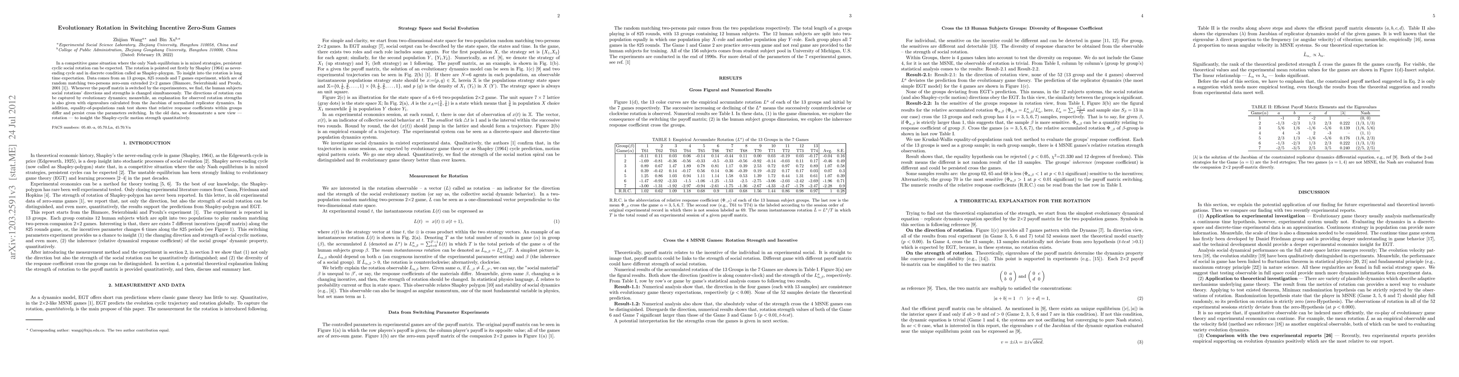 This paper investigates the evolutionary rotation in switching incentive zero-sum games through laboratory experiments, finding that changes in incentive parameters lead to shifts in population strategy and rotation dynamics. The study uses a constrained replicator dynamics model to quantify these shifts and supports Von Neumann's minimax theory.
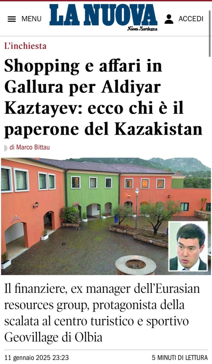 Итальянская пресса пишет, что Казтаев приобрел туристический и спортивный комплекс Geovillage в Ольбии за 14 млн евро. Объект, переживший череду банкротств и судебных разбирательств, теперь станет частью нового проекта международной частной школы премиального уровня, годовое обучение в которой обойдется в 18 тысяч евро, передает Nege.Aqsha.
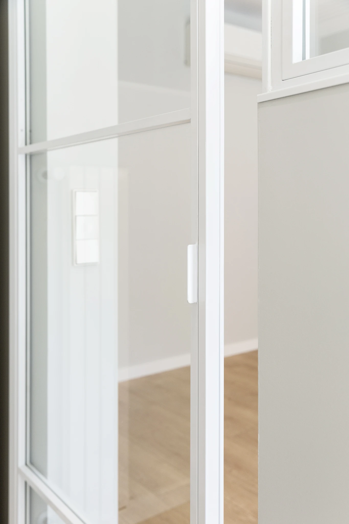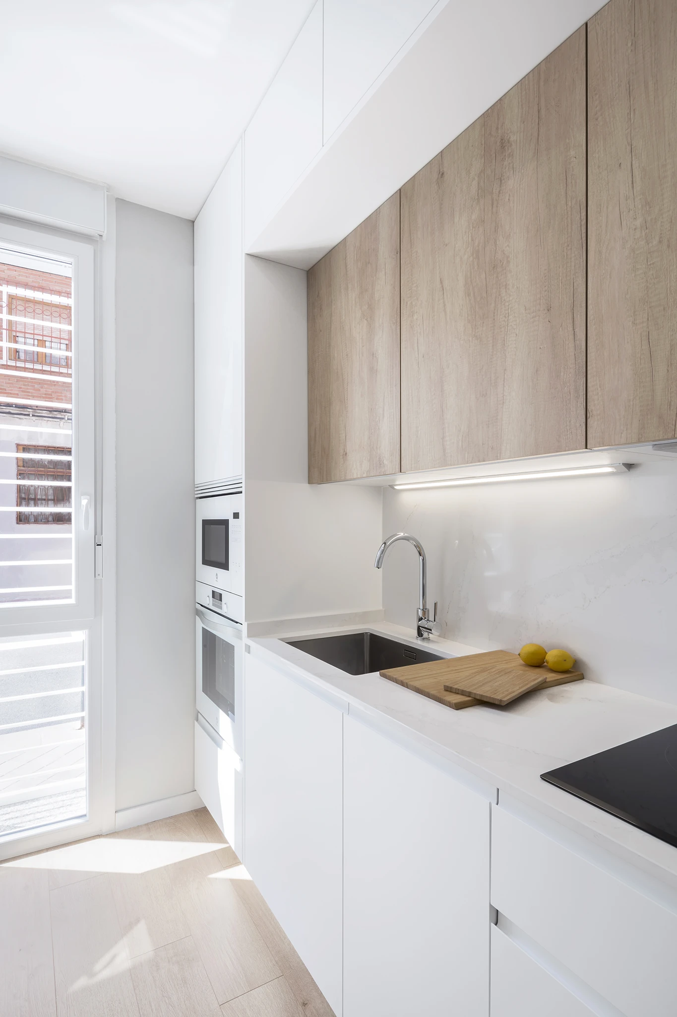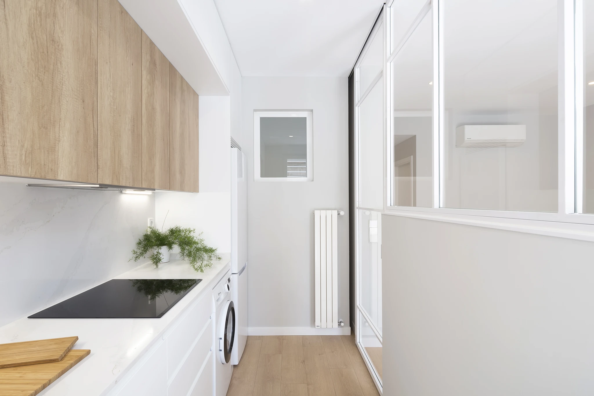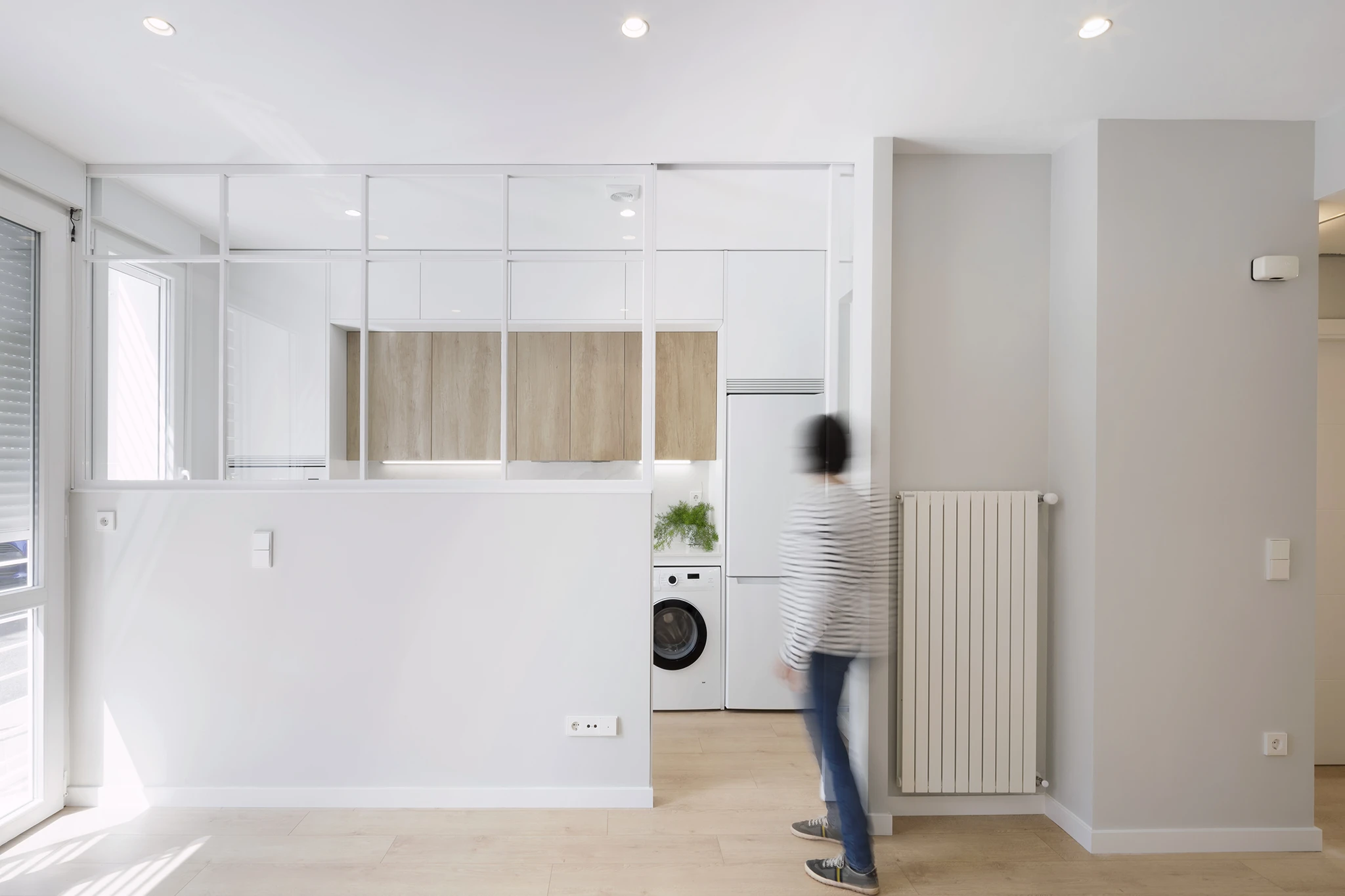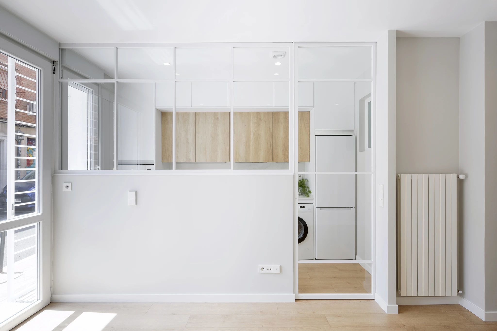 Esta materialidad se traslada al interior para cumplir uno de los requisitos de la propiedad, que la cocina fuese independiente del salón. Debido al reducido espacio y para aumentar la sensación de amplitud visual, ambos espacios se separan mediante un tabique; ciego en su parte inferior para poder adosar en él algún mueble y permeable en su parte superior para permitir el paso de luz y la comunicación visual entre las dos zonas. La división superior se resuelve mediante una ligera carpintería metálica blanca acorde con el diseño de fachada.

**Assignment**
Please reprint the whole listing exactly and omit its pictures.

**Answer section**
 This paper investigates the evolutionary rotation in switching incentive zero-sum games through laboratory experiments, finding that changes in incentive parameters lead to shifts in population strategy and rotation dynamics. The study uses a constrained replicator dynamics model to quantify these shifts and supports Von Neumann's minimax theory.
 Итальянская пресса пишет, что Казтаев приобрел туристический и спортивный комплекс Geovillage в Ольбии за 14 млн евро. Объект, переживший череду банкротств и судебных разбирательств, теперь станет частью нового проекта международной частной школы премиального уровня, годовое обучение в которой обойдется в 18 тысяч евро, передает Nege.Aqsha.
 Esta materialidad se traslada al interior para cumplir uno de los requisitos de la propiedad, que la cocina fuese independiente del salón. Debido al reducido espacio y para aumentar la sensación de amplitud visual, ambos espacios se separan mediante un tabique; ciego en su parte inferior para poder adosar en él algún mueble y permeable en su parte superior para permitir el paso de luz y la comunicación visual entre las dos zonas. La división superior se resuelve mediante una ligera carpintería metálica blanca acorde con el diseño de fachada.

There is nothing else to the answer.